The sawtooth nature of the cycle is driven by periods of peak productivity leading to the accumulation of DON, which is then degraded over time. We suggest that this pattern is due to the semi-labile fraction of DON which is degraded on the timescale of weeks to months, with the shorter-timescale variability in the data being due to the complex dynamics of the rapid cycling of the more labile fraction of DON. In reality there must be a continuum of lability in DON rather than separate ‘pools’, and under different conditions it is conceivable that different DON compounds may be more or less bioavailable. In spite of this, and the complexity of source and sink terms for DON, statistically significant trends of DON decay over time are observed in the dataset, leading to an estimated net degradation rate of between 0.5 and 2 μM month−1), or 16 to 67 % of the seasonal DON pool degraded per month, suggesting a lifetime of the order of 1 to 4 months. Comparing these values to other studies is rather difficult due to the range of approaches taken to estimate degradation rate (net vs gross, in situ vs in vitro etc.). Although reasonably good agreement is found with the absolute degradation rates of Lønborg et al. (2009), the degradation rate as a percentage of ambient DON concentration is smaller: 0.5 to 2 % day−1 in our study compared to ∼9 % day−1 observed by Lønborg et al. (2009). However, the lifetimes estimated here are in the upper half of the range of observed turnover times from a review of studies by Berman and Bronk (2003).

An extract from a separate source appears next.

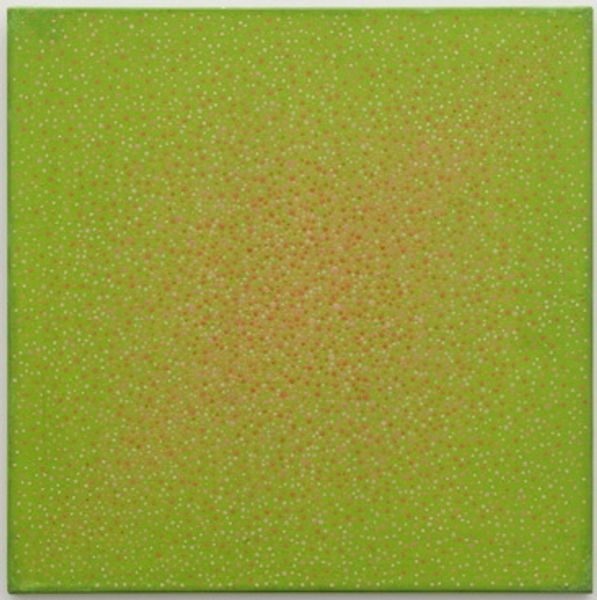 This untitled painting was made by Kuno Gonschior, and what strikes me is its obsessive mark-making. It's like Gonschior was thinking about the painting, one tiny dot at a time. You can see how each little dab of paint builds into something bigger. Up close, you'll notice the surface isn't smooth. There's a texture to it, a little bump from each dot of paint. It’s like the painting is breathing. In the lower left quadrant, where red dots meet that calming, fresh green, there’s a kind of vibration. It reminds me that color isn't just something we see; it's something we feel, too. Gonschior's work makes me think of Agnes Martin. Not that they look alike, but they share a dedication to simple forms and quiet gestures. Both invite us to slow down, to really see what's in front of us, and to let the painting do its work. The real point is the invitation to look slowly, and to feel fully.

DON is actively involved in the seasonal nitrogen cycle in coastal waters, but the timescales over which a major fraction of it changes are much longer than those of the inorganic N components (weeks or months for DON vs days for NH +4 ). At Dowsing, the seasonal growth of phytoplankton removed ∼9 μM of NO 3 –N and our data suggests that ∼30 % of this reappeared as DON, ∼30–50% remained as PON over the summer productive period and the remainder was potentially lost to the sediment where some was denitrified and some recycled. This work and that of others (e.g. Van Engeland et al. 2010; Suratman et al. 2010) emphasises the complex nature of the cycling of DON in shallow coastal seas. The data we present here highlights the potential for significant insight into temporal nitrogen cycle dynamics provided by the unique high resolution time-series of water samples provided by the Cefas SmartBuoy network.